How to Upload Images to an Elasticsearch Index

Introduction

Although Elasticsearch is known for its fast and powerful text search, it’s possible to index more than just text. For example, it’s easy to upload images to Elasticsearch. You can use Python’s PIL library to extract an image’s EXIF data, and then index the image’s data to an Elasticsearch index. In this article, we’ll provide step-by-step instructions for storing images with Python in Elasticsearch.

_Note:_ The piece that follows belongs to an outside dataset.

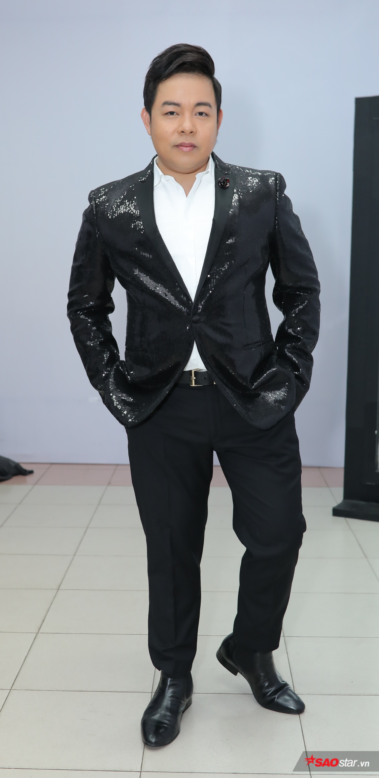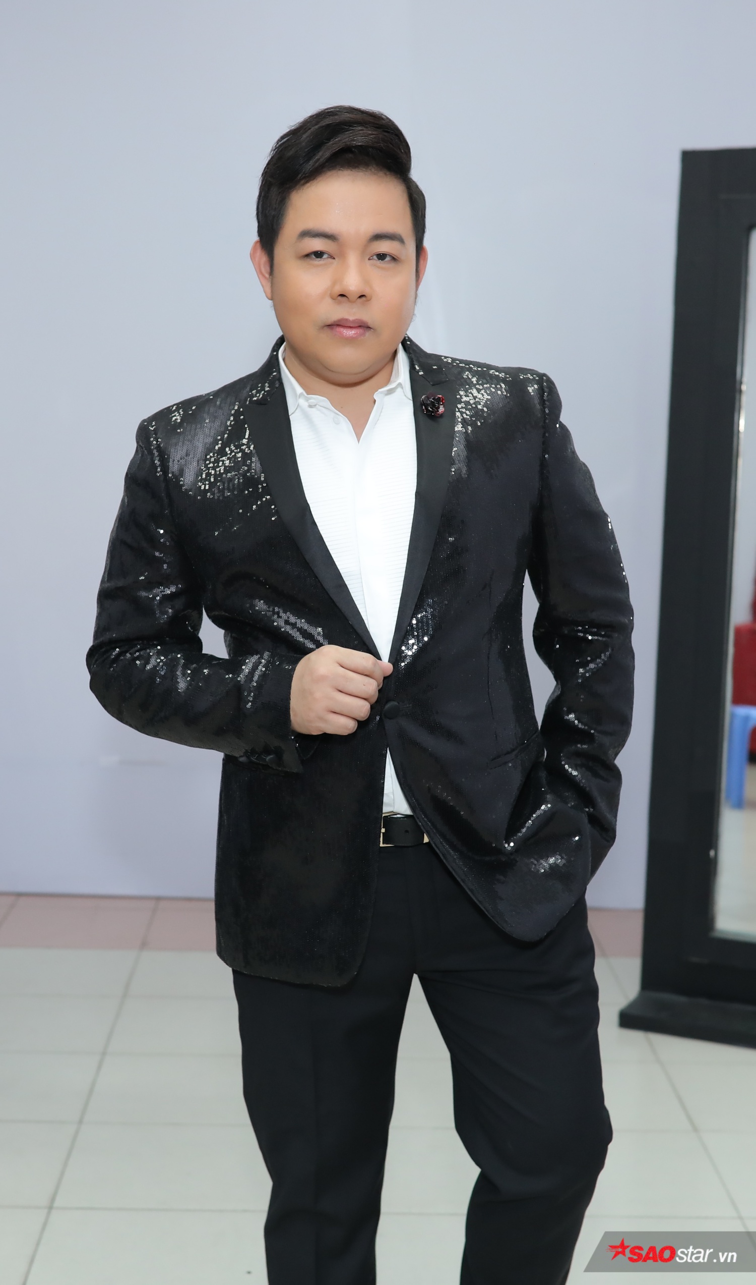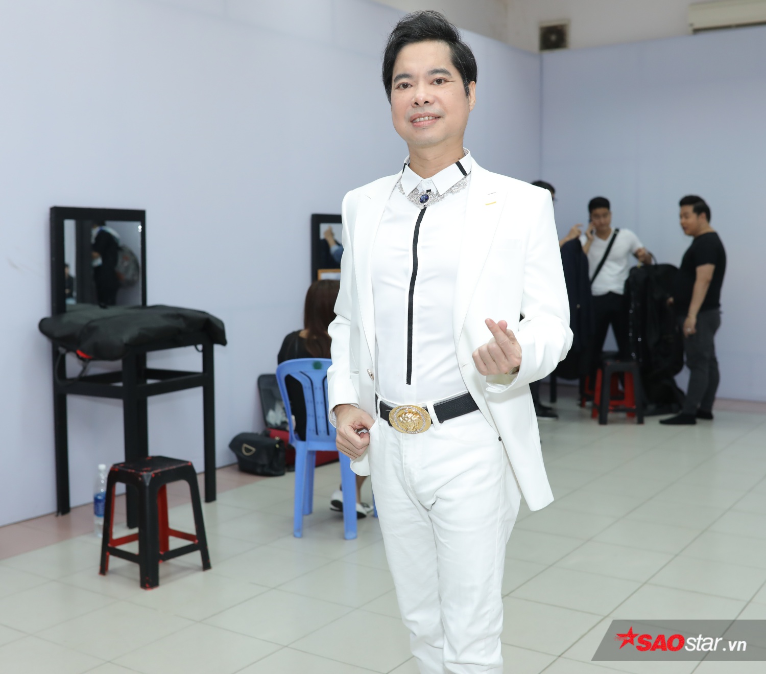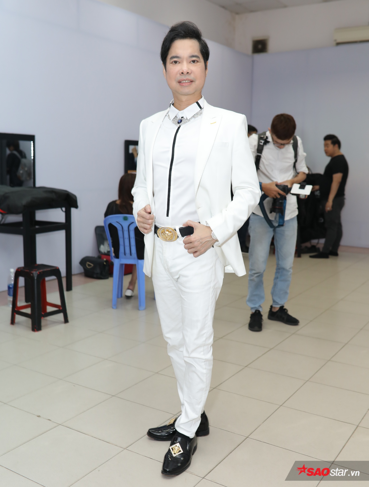 HLV Ngọc Sơn xuất hiện chỉn chu với vest trắng sang trọng.

Prerequisites for indexing photos to Elasticsearch

Before we look at how to upload photos to Elasticsearch, let’s go over the key system requirements for the task:

  • Elasticsearch must be installed and running, along with Java and its JVM. You can check if Elasticsearch is running by making a GET request to the server on the default port of 9200. It should return a JSON response with cluster information:
curl -XGET "localhost:9200"
  • When you index photos with Python in Elasticsearch, you may want to use the Kibana Console UI to verify that the photos or images uploaded correctly. If so, you need to make sure that the Kibana service is running as well. Simply load the interface in a browser by navigating to:
https://{YOUR_DOMAIN}:5601
  • You’ll need to create an Elasticsearch index for the image data. If you haven’t created one yet, we’ll go over how to do it in this article. We’ll be indexing EXIF data in Elasticsearch for this tutorial, so it’s best not to have an index with a rigid _mapping schema– not all images have the same EXIF data fields, and some images don’t have any at all.

Install all the Python libraries and dependencies using pip3

The Python code used in this article is tested and written with Python 3 in mind, since Python 2.7 is now deprecated. Therefore, we’ll be using the pip3 command for the PIP package manager for Python 3 to install the necessary libraries and modules.

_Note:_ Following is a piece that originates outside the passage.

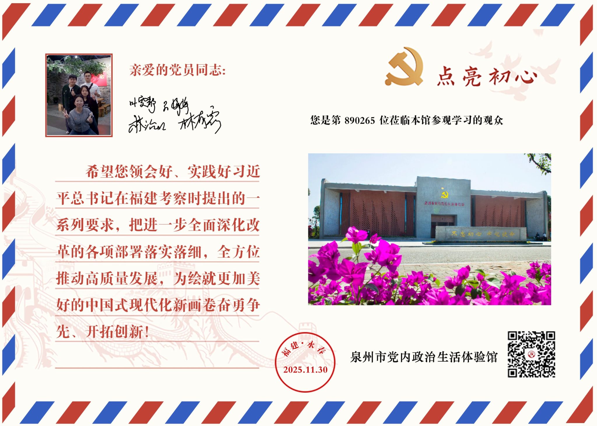 通过“明信片打卡机”参与了线上互动,留下对党的深情祝福,将庄严承诺转化为指尖的温度与行动的表达。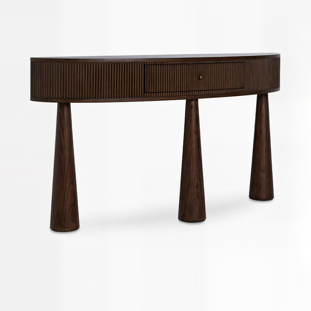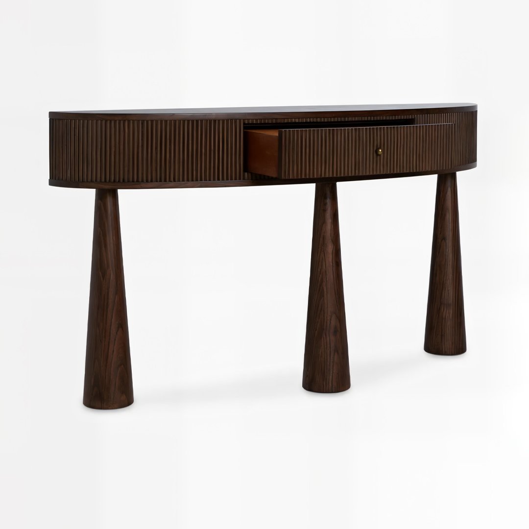 Unique semi-circular top and two large, tapered, round legs. Single central drawer with a fluted/ribbed front texture and a small brass-toned pull knob.

Install Pillow (PIL) for Python 3

Throughout this tutorial, we’ll be using the Python Imaging Library, also known as PIL or Pillow. We’ll be using Pillow with Python and Elasticsearch to index images. Let’s begin by installing PIL using the following command:

pip3 install Pillow

If you’d like to upgrade PIL to the latest version, use this command:

pip3 install -U Pillow

>NOTE: Older versions of PIP allowed for the entire Pillow library to be imported (e.g. import PIL); however, since version 2.0 of PIL, only its classes can be imported (e.g. from PIL import Image)

Install pybase64 for the Base64 Python encoding library

Next, we’ll install and upgrade the base64 encoding and decoding wrapper for the libbase64 Python library:

pip3 install -U pybase64

This library is necessary for converting documents to base64 in order to index them to an Elasticsearch index.

Select a personal photo or public domain image to index to Elasticsearch

The image we’ll be using in this article is cute-kittens-in-basket.jpg from publicdomainpictures.net.

The actual image we’re using is a scaled down (1000×669) version of the original “cute-kittens” image:

Screenshot of GIMP scaling down the size of the original kittens image

If you’d like to follow along with the instructions in this tutorial, use a public domain image like this one, or take a photo with your phone and put it into the same directory as your Python script.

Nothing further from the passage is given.